In a series of the previous study (Hirose 2005a, Hirose 2005b, Hirose et. al. 2006a, Yikizane et. al. 2006), we have developed a bump hunting method using probabilistic and statistical methods, where we are interested in finding denser regions for response 1 among regions for responses 0 and 1 mixed under a condition that the pureness rate is pre-specified; the pureness rate is the ratio of the number of response 1 to the number of responses 0 and 1 in the target region. A global maximum capture rate is estimated by using locally obtained maximum captured response 1 points, where the capture rate is the ratio of the number of response 1 to the number of responses 0 and 1 in the region defined. The accuracy of the estimated maximum capture rate was assessed by using the simple bootstrap method without correction formula. We have not thought seriously of the bias and the variance to the predicted estimate.

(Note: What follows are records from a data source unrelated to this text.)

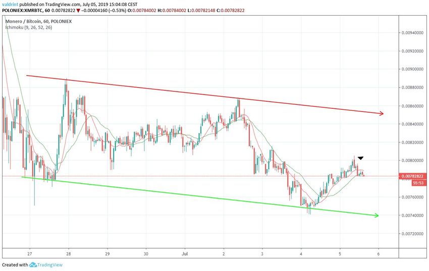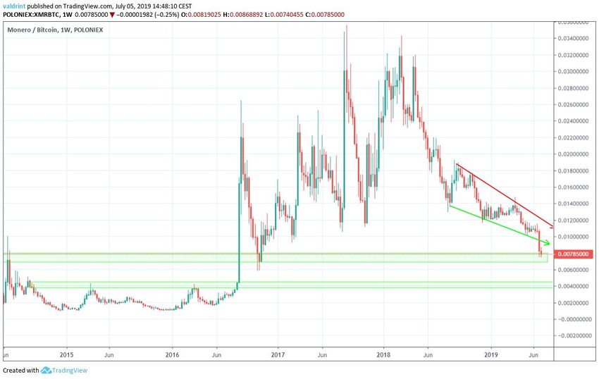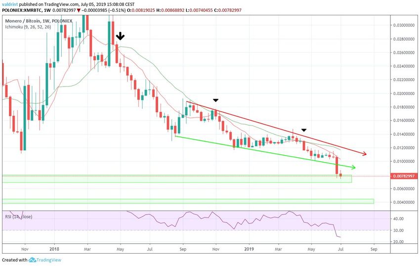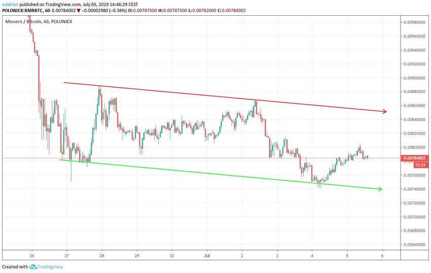 El 25 de junio de 2019, Monero inició una rápida caída. Un mínimo de ₿0.0075 fue marcado el día siguiente. Tras una suba gradual, el precio de XMR alcanzó un mínimo más bajo de ₿0.0074 el 4 de julio.
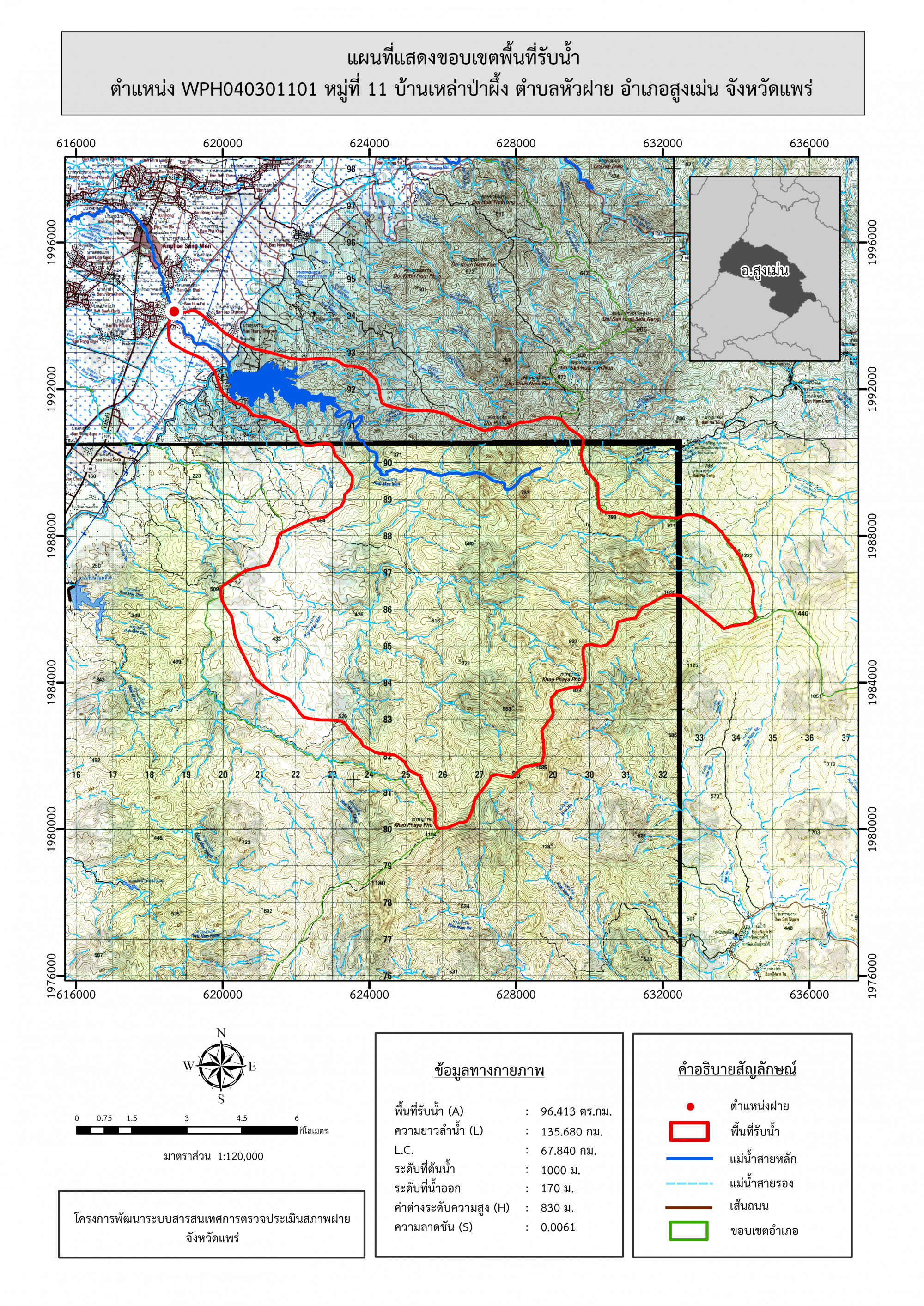 รูปภาพแผนที่แสดงขอบเขตพื้นที่รับน้ำ
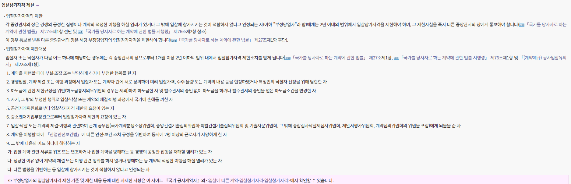 1. 계약을 이행할 때에 부실·조잡 또는 부당하게 하거나 부정한 행위를 한 자2. 경쟁입찰, 계약 체결 또는 이행 과정에서 입찰자 또는 계약자 간에 서로 상의하여 미리 입찰가격, 수주 물량 또는 계약의 내용 등을 협정하였거나 특정인의 낙찰자 선정을 위해 담합한 자3. 하도급에 관한 제한규정을 위반(하도급통지의무위반의 경우는 제외)하여 하도급한 자 및 발주관서의 승인 없이 하도급을 하거나 발주관서의 승인을 얻은 하도급조건을 변경한 자4. 사기, 그 밖의 부정한 행위로 입찰·낙찰 또는 계약의 체결·이행 과정에서 국가에 손해를 끼친 자5. 공정거래위원회로부터 입찰참가자격 제한의 요청이 있는 자6. 중소벤처기업부장관으로부터 입찰참가자격 제한의 요청이 있는 자7. 입찰·낙찰 또는 계약의 체결·이행과 관련하여 관계 공무원(국가계약분쟁조정위원회, 중앙건설기술심의위원회·특별건설기술심의위원회 및 기술자문위원회, 그 밖에 종합심사낙찰제심사위원회, 제안서평가위원회, 계약심의위원회의 위원을 포함)에게 뇌물을 준 자8. 계약을 이행할 때에 「산업안전보건법」에 따른 안전·보건 조치 규정을 위반하여 동시에 2명 이상의 근로자가 사망하게 한 자9. 그 밖에 다음의 어느 하나에 해당하는 자가. 입찰·계약 관련 서류를 위조 또는 변조하거나 입찰·계약을 방해하는 등 경쟁의 공정한 집행을 저해할 염려가 있는 자나. 정당한 이유 없이 계약의 체결 또는 이행 관련 행위를 하지 않거나 방해하는 등 계약의 적정한 이행을 해칠 염려가 있는 자다. 다른 법령을 위반하는 등 입찰에 참가시키는 것이 적합하지 않다고 인정되는 자※ 부정당업자의 입찰참가자격 제한 기준 및 제한 내용 등에 대한 자세한 사항은 이 사이트 『국가 공사계약자』의 <입찰에 따른 계약-입찰참가자격-입찰참가자격>에서 확인할 수 있습니다.
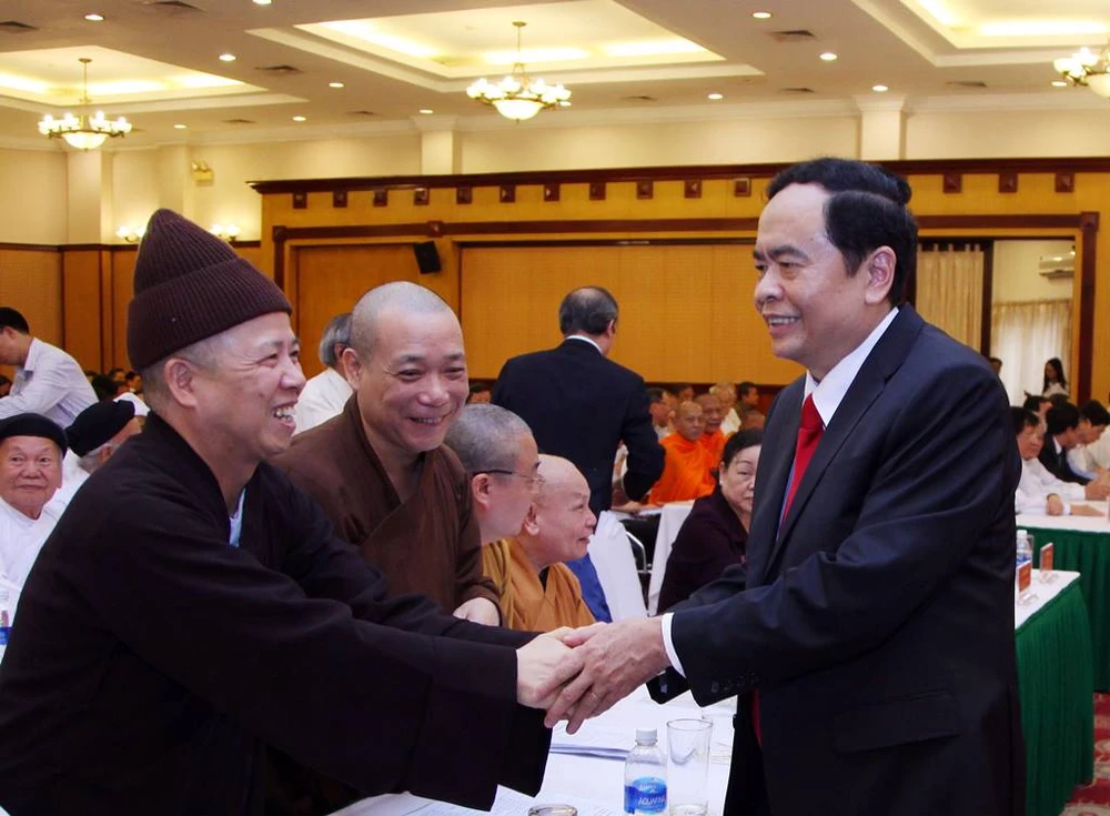Ông Trần Thanh Mẫn (phải) được Bộ Chính trị cử để hội nghị hiệp thương giữ chức chủ tịch UB Trung ương MTTQ Việt Nam.

However, we are now aware of that we should treat the value of the predicted estimate very carefully. In the previous study, we have dealt with all the data as the training data or the learning data. As is well-known in machine learning world, the best fitted model using the training data would not necessarily be accurate when the test data are used. A typical research in assessing the misclassification error in classification problems is reported by Kohavi (1995), and a more general explanation is found in the literature (Hastie, et. al. 2001), where the test sample method, the cross-validation, and the bootstrap method are often used to assess the accuracy of the predicted estimate and the model. It is recommended to take into account this kind of assessment to our problem too. However, difficulties lie on the bump hunting method that we have proposed because we are interested in not only estimating the maximum capture rate but also in finding the corresponding (binary decision) rule to capture the points of response 1. Since we consider that the rule should also capture a large amount of response 1 points to the future data, a combination of the maximum capture rate and the corresponding rule becomes important. In the example in the previous study, however, we have found that the optimized rule to capture the maximum points for response 1 to the training data did not necessarily capture a large amount of response 1 points to the test data.
In this paper, we show first how badly the optimality collapses to the test data. We then discuss how to circumvent this kind of difficulty.